Previously, their biological sex at birth was the determining factor, rather than how a person identified in life, and the gender marker could only be changed if the family of the deceased petitioned on their behalf.

Under AB 1577 (also known as the Respect After Death Act) put forward by Assembly Speaker Toni Atkins, transgender people will be remembered—with official documentation—the way they would like to be. The bill originally passed the California Assembly in May 2014.

There are many reasons it is important for a transgender person to have autonomy over their documentation, including that final certificate. In many instances, transgender people are estranged from their family because of their transition, and families don’t always see eye-to-eye on what sex should be put on a death certificate.

To prevent confusion, the text of AB 1577 states that California officials may defer to any of a number of legal documents to determine gender, “including, but not limited to, a birth certificate, a driver’s license, a court order approving a name or gender change, a social security card, a passport, an advanced health care directive, or proof of clinical treatment for gender transition.”

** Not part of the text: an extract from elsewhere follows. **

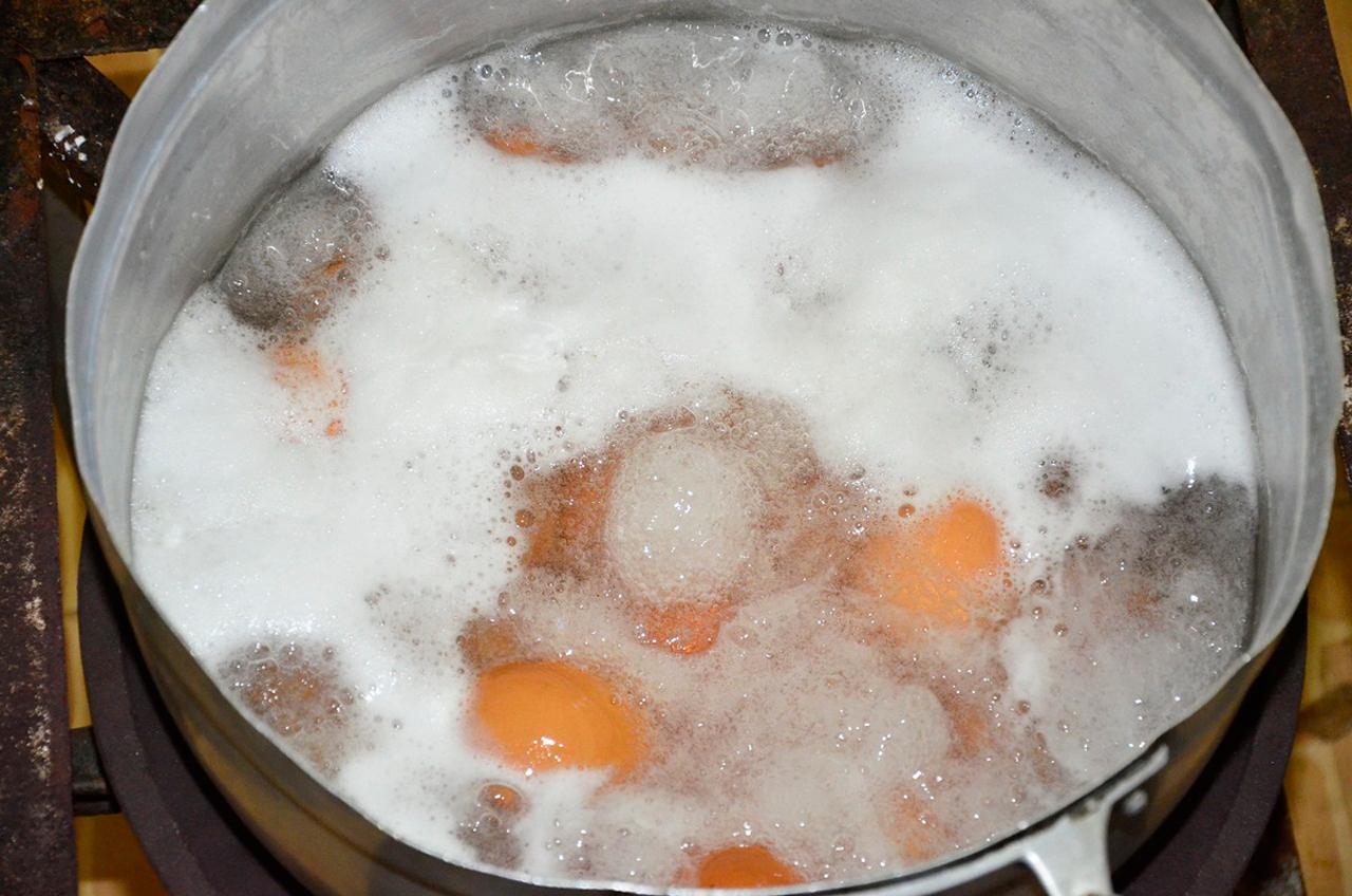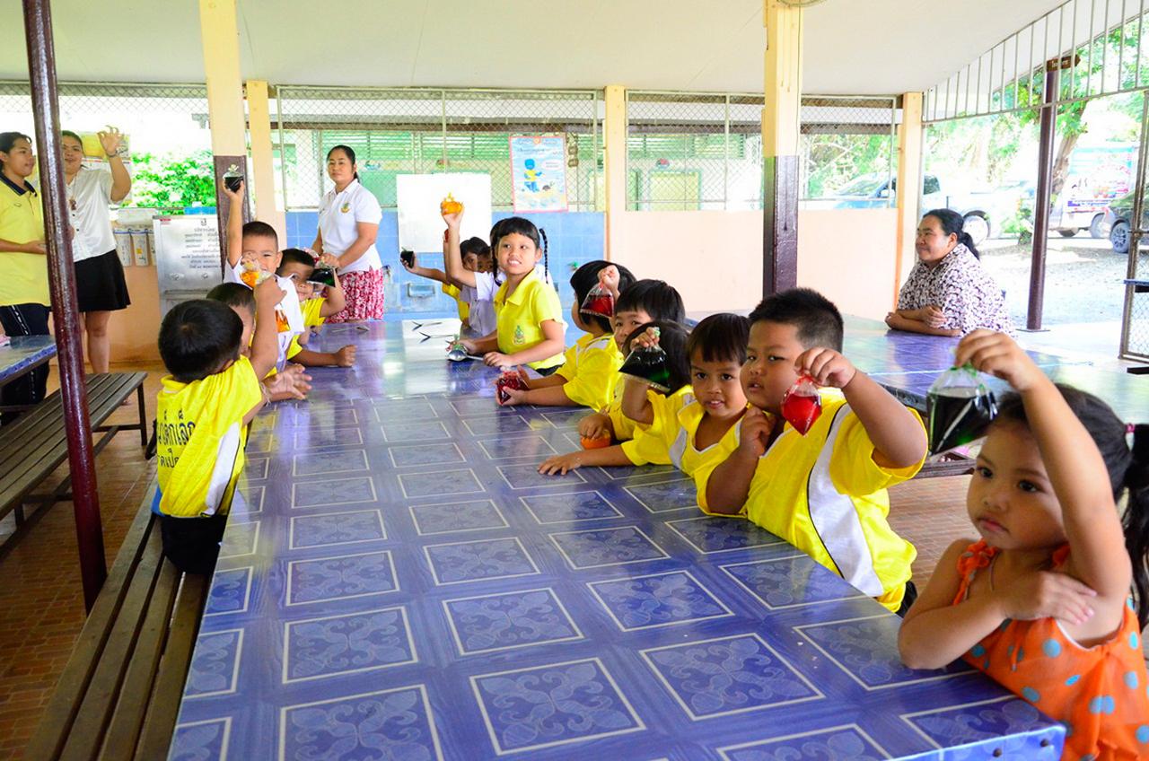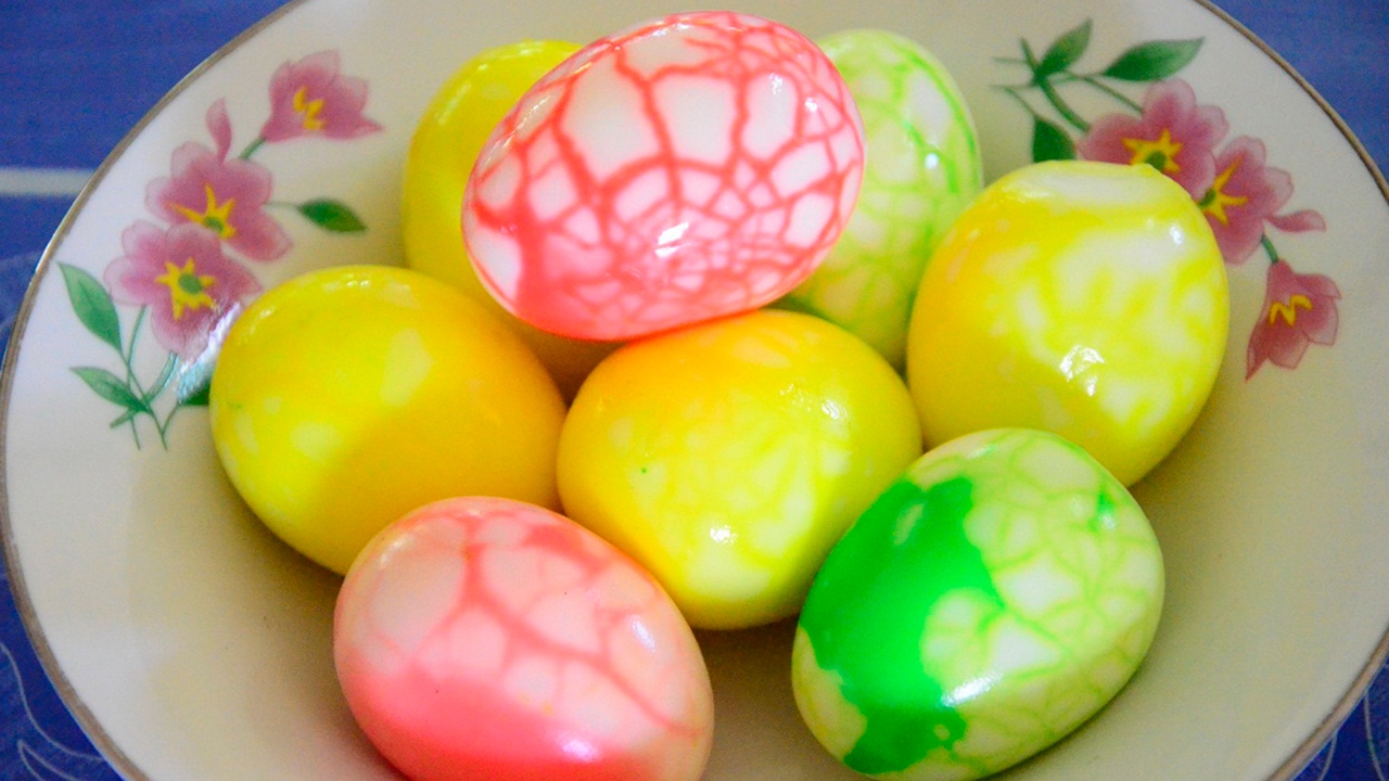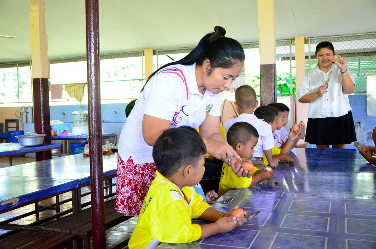 เมื่อไข่ที่ต้มไว้สุกแล้ว ให้นำมาแช่ใส่น้ำเปล่าจนเย็น ในระหว่างที่รอไข่เย็น เราจะนำช้อนยาวมาแจกให้เด็กๆ คนละ 1 คัน เพื่อให้เด็กๆ ได้มีส่วนร่วมในการทำ เมื่อไข่ต้มเย็นแล้วจะนำมาแจกเด็กคนละ 1 ฟอง และจะให้เอาช้อนที่แจกนำมาทุบไข่เบาๆ โดยให้ทุบไปรอบๆ ที่เปลือกไข่ พอมีรอยร้าวที่เปลือก เสร็จแล้ว ก็นำไข่ที่ต้มสุกไปใส่ในถุงที่ผสมสีเตรียมไว้ ใส่ไข่แช่ไว้นาน 5-10 นาที สีที่อยู่ในถุงน้ำจะแทรกซึมตามรอยเปลือกไข่ที่ทุบไว้ พร้อมนำออกมาปลอกเปลือก จะได้สีสันและลวดลายต่างๆ สวยงาม พร้อมนำมาเป็นอาหารกลางวันให้เด็กๆ ได้รับประทานกันต่อไป.

The legal director for the Transgender Law Center, Ilona Turner, told the California Report that being misgendered even on a death certificate “sends a message, really a pretty strong signal to the rest of the community, that your wishes around your gender, your identity, your life as this person, who you are doesn’t matter and can be completely erased once you’re not here to stand up for yourself.”

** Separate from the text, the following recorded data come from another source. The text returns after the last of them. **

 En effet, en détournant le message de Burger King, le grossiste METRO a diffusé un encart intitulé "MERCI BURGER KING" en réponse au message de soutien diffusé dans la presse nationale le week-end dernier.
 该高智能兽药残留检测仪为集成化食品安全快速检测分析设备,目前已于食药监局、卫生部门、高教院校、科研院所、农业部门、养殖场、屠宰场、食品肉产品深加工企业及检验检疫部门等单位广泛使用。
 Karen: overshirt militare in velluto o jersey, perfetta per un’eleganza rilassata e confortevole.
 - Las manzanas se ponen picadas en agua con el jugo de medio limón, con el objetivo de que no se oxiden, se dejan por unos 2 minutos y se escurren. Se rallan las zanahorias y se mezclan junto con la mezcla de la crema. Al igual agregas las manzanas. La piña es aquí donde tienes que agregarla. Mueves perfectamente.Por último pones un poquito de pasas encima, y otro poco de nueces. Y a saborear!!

In an op-ed piece for the Advocate, Speaker Atkins writes of some truly heartbreaking stories she heard about transgender people being listed in death as a different gender than the one they lived as.

“While the law is just now taking effect, we’ve already seen results. Last December, Ki’Tay Davidson, a transgender and disability rights activist, passed away in his sleep. The Los Angeles Coroner’s office had heard about the Respect After Death Act, and took steps to recognize Ki’Tay as male on his official documents,” she says. 

In essence, a death certificate matching a person’s gender identity honors the person’s transition. Thus, she writes, “I believe it is a sign of progress—and promise—that AB 1577 passed the California Assembly with both Democratic and Republican votes.”